Tout cela réuni porte l’exaspération à son comble et amène la chute rapide du « libéral » et « progressiste » souverain. « La politique d’ouverure reprise par Radama II, laquelle fut menée par sa seule volonté et essentiellement sur l’influence de ses conseillers étrangers, au mépris de l’opinion d’une partie importante de ses conseillers de droit et de la désapprobation de la partie la plus évoluée de la populaiton, se solda par un échec relatif. »
Pourtant l’assassinat du roi ne satisfait pas tout le monde. Des rumeurs circulent pendant deux ans, répandant le bruit qu’il est encore en vie. Beaucoup de Malgaches le regrettent du fait des mesures libérales qu’il a prises. La popularité relative et surtout posthume du roi terrifie quelque peu les nouveaux détenteurs du pouvoir et leur crée des difficultés comme les soulèvements en pays betsileo et sakalava.

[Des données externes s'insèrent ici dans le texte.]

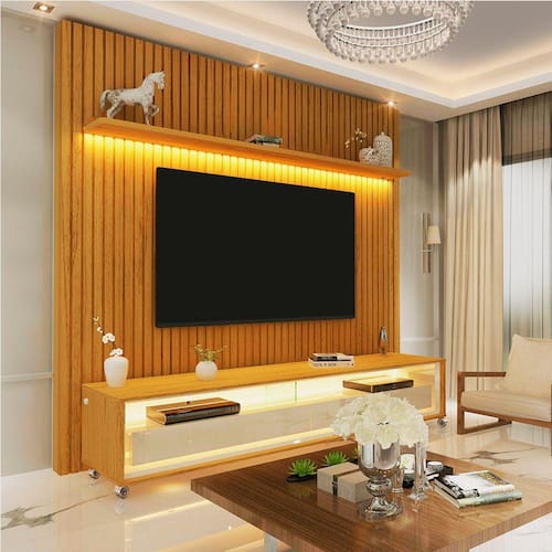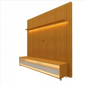 Este conjunto de painel com ripas autênticas é 100% MDF, com um rack elegante com LED de luz em cor quente é a composição perfeita para um ambiente moderno e sofisticado. O painel dispõe de uma prateleira superior com o mesmo LED do rack, com rodízios e divisórias de vidro. O rack requinte possui duas gavetas espaçosas com corrediça telescópicas na cor Off White que completam a beleza deste conjunto. Produto Montado: Sim Acabamento: Pintura UV Acabamento da Gaveta: Pintura UV Acabamento da Prateleira: Pintura UV Acabamento dos Pés: Pintura Acompanha Lâmpada: Não Acompanha Manual de Instalação: Sim Altura do Conjunto: 250 cm Altura do Painel: 250 cm Altura do Rack: 45 cm Ambiente Principal: Sala de Estar codigo_ean: 7909903248706 Complexidade da Montagem: Média: pode ser montado por mais de uma pessoa e/ou necessite de maior conhecimento para montagem Cor: Marromle Cor do Produto: Marromle Cor Flex: Não Cor Interna: Marromle Escala de Brilho: Semi-Fosco Escala de Brilho da Gaveta: Semi-Fosco Escala de Brilho da Prateleira: Semi-Fosco Espessura do Painel: 24,6 cm Espessura do Vidro: 8 mm Gaveta com Chave: Não Ideal para TVs até (Polegadas): 75 Informações Complementares: Iluminação por fita LED. Itens Inclusos: 01 unidade do produto + 01 manual de montagem Largura do Painel: 184 cm Largura do Rack: 172,5 cm Linha ou Coleção: Nobre Manual de Especificação Técnica: https://product-hub-prd.madeiramadeira.com.br/826070/documents/7b6c52ac-4688-401f-9af1-066c4fe39664equinteripado185pnlkrkkrod.pdf Manual de Montagem e Instalação: https://product-hub-prd.madeiramadeira.com.br/826070/documents/6078d79e-6061-4739-94f9-468f4b0aea60equinteripado185pnlkrkkrod.pdf Material da Gaveta: MDF/MDP Material da Prateleira: MDP Material dos Pés: Madeira Maciça Material Principal: MDF Montagem Flex: Não Necessita Montagem: Sim Origem do Produto: Nacional Peso do Painel: 78 kg Peso do Rack: 41 kg Peso Máximo por Gaveta: 5 kg Peso Máximo por Prateleira: 6 kg Possui Espelho: Não Possui iluminação: Sim Possui Portas: Não Possui Prateleiras: Sim Possui Tomada: Não Possui Vidro: Sim Profundidade do Painel: 24.6000 Profundidade do Rack: 34,8 cm Quantidade de Gavetas: 02 Gavetas Recomendações de Uso, Manutenção e Limpeza: A limpeza do produto deve ser feita por meio do uso de um pano, umedecido com água, e um pano seco. É importante para fazer a limpeza do móvel nunca utilizar produtos químicos ou abrasivos. Para conservar o padrão de qualidade dos produtos Gelius, nunca arraste um móvel se este estiver cheio. Nunca puxe o móvel de frente para você, pois ele pode balançar e provocar acidentes. Sapatas Niveladoras: Não Sistema de Montagem: Convencional: parafusos, pregos, cavilhas, etc. Suporte de TV Universal Incluso: Não Tipo de Corrediça da Gaveta: Metálica Telescópica Tipo de Dobradiça/Corrediça da Porta: Metálica Tipo de Puxador da Gaveta: Embutido Ean: 7909903248706

Et la mort de Radama II ne met pas fin à la lutte entre les divers groupes du conseil de la reine Rasoherimanjaka : les modernistes sont divisés entre Rainivoninahitriniony soutenu par son frère Rainilaiarivony, et le chrétien Rainimaharavo devenu ministre des Affaires étrangères. Les deux groupes luttent pour avoir la prépondérance au sein du Conseil et le plus de popularité dans l’opinion. Et en face, il y a toujours les conservateurs menés par Rainijohary déjà vieux.